Create a new versioned Secret or ConfigMap containing an overlap bundle with both the old and new roots.
Set [dpf.dpu_agent_bootstrap_ca].name to the new object name and restart carbide-api.
Wait for DPF to reconcile the service template and for every affected DPU agent pod to roll and run its init container again.
Verify that each pod installed the overlap bundle at /opt/forge/forge_root.pem and can authenticate the NICo API certificate chain.
Rotate the NICo API certificate chain to one that terminates at the new root. While the overlap bundle is installed, verify that every affected DPU agent can authenticate the new server chain.
Create another versioned object without the old root and repeat the configuration, restart, reconciliation, and verification steps. Remove the old objects only after that rollout succeeds.

When pinning a root, verify that the NICo API serves the issuing intermediate certificate with its leaf. This policy controls trust-anchor selection. If each replacement intermediate chains to the pinned root and the server presents the complete chain, clients can validate leaf certificates across those rotations without replacing the bundle. If an intermediate chains to a different root, stage and verify an updated root bundle before rotating the server chain. TLS server certificate validation remains necessary even if the DPU agent no longer presents a client certificate for mutual TLS. It does not authenticate the preceding artifact or provisioning chain. Those inputs still require integrity protection and a trusted boot mechanism such as Secure Boot.

3.6. Mark hosts as DPF-managed in expected machines

Whether a given host is provisioned via DPF or via iPXE is decided per host, in the expected machines list that NICo loads on startup. The relevant field is is_dpf_enabled on each expected-machine entry. A host is provisioned via DPF only when both of the following are true:

[dpf].enabled = true in the site config (section 3.5), and
is_dpf_enabled = true on that host’s expected-machine entry.

There are several operator paths that can set this field.
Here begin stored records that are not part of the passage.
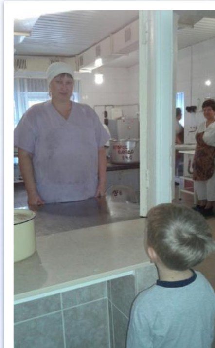
Ознакомление с трудом повара
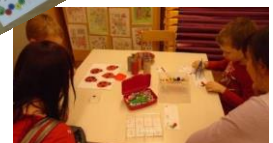
Osnovna šola Bršljin
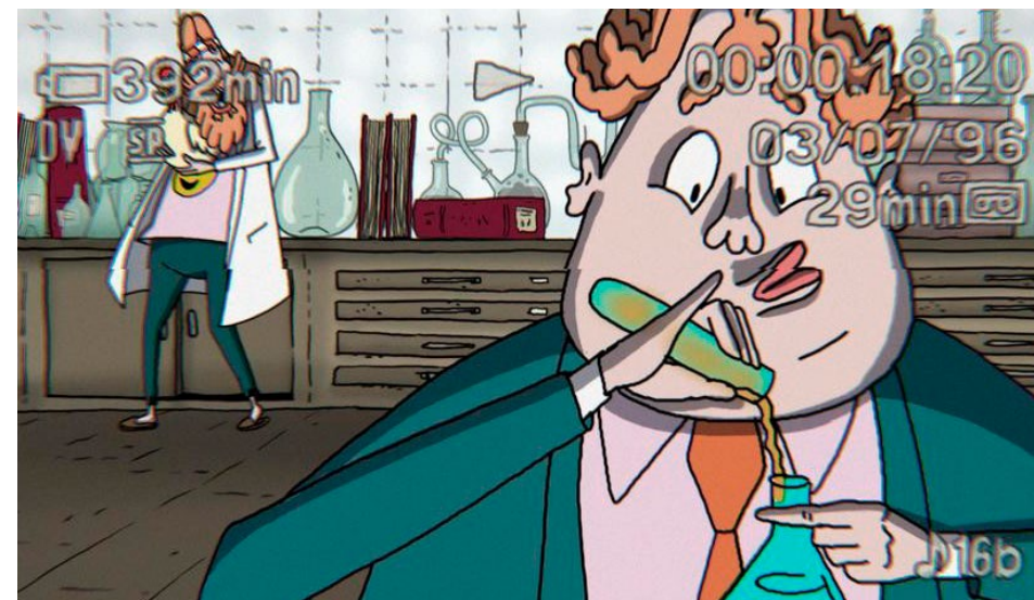
Bernard et Michel, deux frères incarnant deux conceptions différentes et difficilement conciliables de l'alimentation.

Comment le film s'amuse-t-il à détourner l'esthétique des films à grand spectacle et dans quel but ?

They are described below in the order an operator typically uses them.

3.6.a. `nico-admin-cli expected-machine add` — create a new entry

Adds a new expected-machine row. --dpf-enabled is optional; omitting it stores true.

$ nico-admin-cli expected-machine add \
>   --bmc-mac-address 1a:1b:1c:1d:1e:1f \
>   --bmc-username admin \
>   --bmc-password secret \
>   --chassis-serial-number CHASSIS-SN-001 \
>   --dpf-enabled true

3.6.b. `nico-admin-cli expected-machine patch` — partial update via flags

Updates an existing entry in place. The lookup key is --bmc-mac-address (or --id <UUID>). Omitting --dpf-enabled preserves the existing value.
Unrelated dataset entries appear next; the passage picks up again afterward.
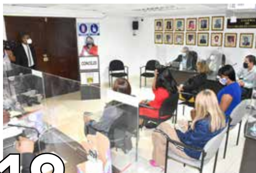
19 SERVICIOS BÁSICOS EN ÁREAS VULNERABLES
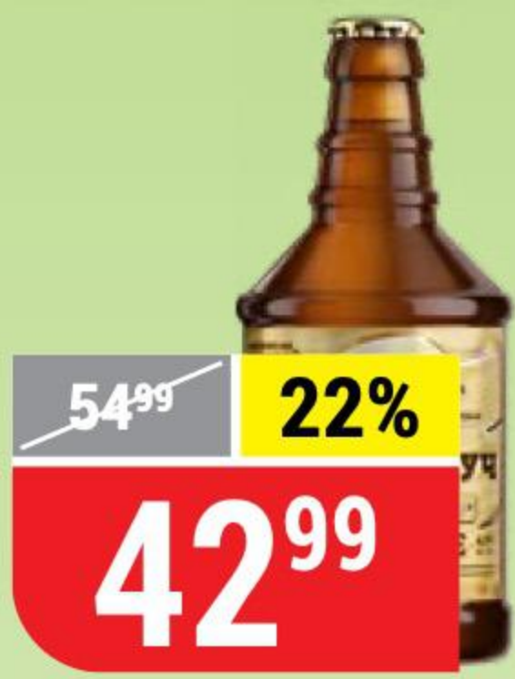
ПИВО ДУБ И ОБРУЧ бочковое, светлое, 4,9%, 0,45 л 154719
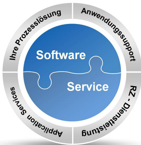
Abb. 1: Prozess- und bedarfsorientierte Lösungen

Mit der Shared Service Plattform (SSP) sind wir in der Lage, Ihnen als Energieversorger deutschlandweit eine modulare Lösung für Ihre Geschäftsprozesse anzubieten. Flexibel können Sie einzelne Prozesse von der IT bis hin zur Geschäftsprozessbearbeitung auslagern. Sowohl die Anforderungen der Netzbetreiber (Mandant „Netz“) als auch die der Energielieferanten (Mandant „Vertrieb“) werden mit unserer Lösung abgedeckt. Sie können zudem zwischen reinen IT-Services (ASP - Application Service Providing) und einem umfassenden Business Process Outsourcing (BPO) wählen. Bei uns bekommen Sie alle Services aus einer Hand.
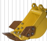
Łyżka 200 mm
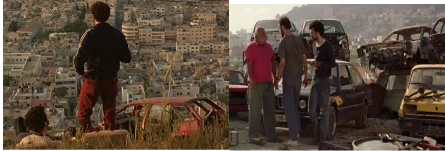
صورة رقم ٥
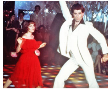
1977 LA FIÈVRE DU SAMEDI SOIR (Saturday Night Fever) de J. Badham avec Karen Lynn Gorney
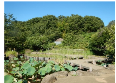
馬場花木園内（池越しに見る東屋）

【歴史を生かしたまちづくり要綱に基づく歴史的建造物の認定年月日】平成4年1月31日

$ nico-admin-cli expected-machine patch \
>   --bmc-mac-address 1a:1b:1c:1d:1e:1f \
>   --chassis-serial-number CHASSIS-SN-001 \
>   --dpf-enabled true

3.6.c. `nico-admin-cli expected-machine update --filename` — single-host update from JSON

Updates one entry from a JSON file. The JSON shape uses chassis_serial_number (not serial_number) and any field omitted from the file is preserved server-side.

em.json:

1 {
2   "bmc_mac_address": "1a:1b:1c:1d:1e:1f",
3   "bmc_username": "admin",
4   "bmc_password": "secret",
5   "chassis_serial_number": "CHASSIS-SN-001",
6   "dpf_enabled": true
7 }

$ nico-admin-cli expected-machine update --filename em.json

This is the most ergonomic path for “toggle DPF on one already-existing expected machine without touching anything else.”

3.6.d. `nico-admin-cli expected-machine replace-all --filename` — destructive full reload

Wipes the entire expected_machines table and re-creates it from the file. The file shape is a wrapper object whose expected_machines array uses the same per-entry shape as update:

em-all.json:

1 {
2   "expected_machines": [
3     {
4       "bmc_mac_address": "1a:1b:1c:1d:1e:1f",
5       "bmc_username": "admin",
6       "bmc_password": "secret",
7       "chassis_serial_number": "CHASSIS-SN-001",
8       "dpf_enabled": true
9     }
10   ]
11 }

$ nico-admin-cli expected-machine replace-all --filename em-all.json

This is not a merge. Any expected-machine row that is not present in the file is deleted. Each entry is then re-created using the same path as add, so any entry whose dpf_enabled is omitted is re-inserted with dpf_enabled = true.

3.6.e. Quick reference

Goal	Path
Add a new host with DPF enabled	`nico-admin-cli expected-machine add … --dpf-enabled true`
Flip DPF on an existing entry, preserving everything else	`nico-admin-cli expected-machine update --filename em.json`
Flip DPF inline with one or more other fields	`nico-admin-cli expected-machine patch … --dpf-enabled true`
Replace the entire inventory	`nico-admin-cli expected-machine replace-all --filename em-all.json`
Inspect current value	`nico-admin-cli expected-machine show <bmc-mac>`

3.7 Enabling DPF for Existing (Ingested) Nodes

You can enable the DPF flag on an already discovered host without force-deleting or recreating it by using:

$ nico-admin-cli dpf enable <host-id>

After changing the DPF status for a host in this way, you should trigger a reprovisioning for all the DPUs under a host (using its host ID). For environments where a host has multiple DPUs, make sure to trigger reprovisioning for all DPUs under the host; otherwise, NICo will not transition the node to DPF-managed status.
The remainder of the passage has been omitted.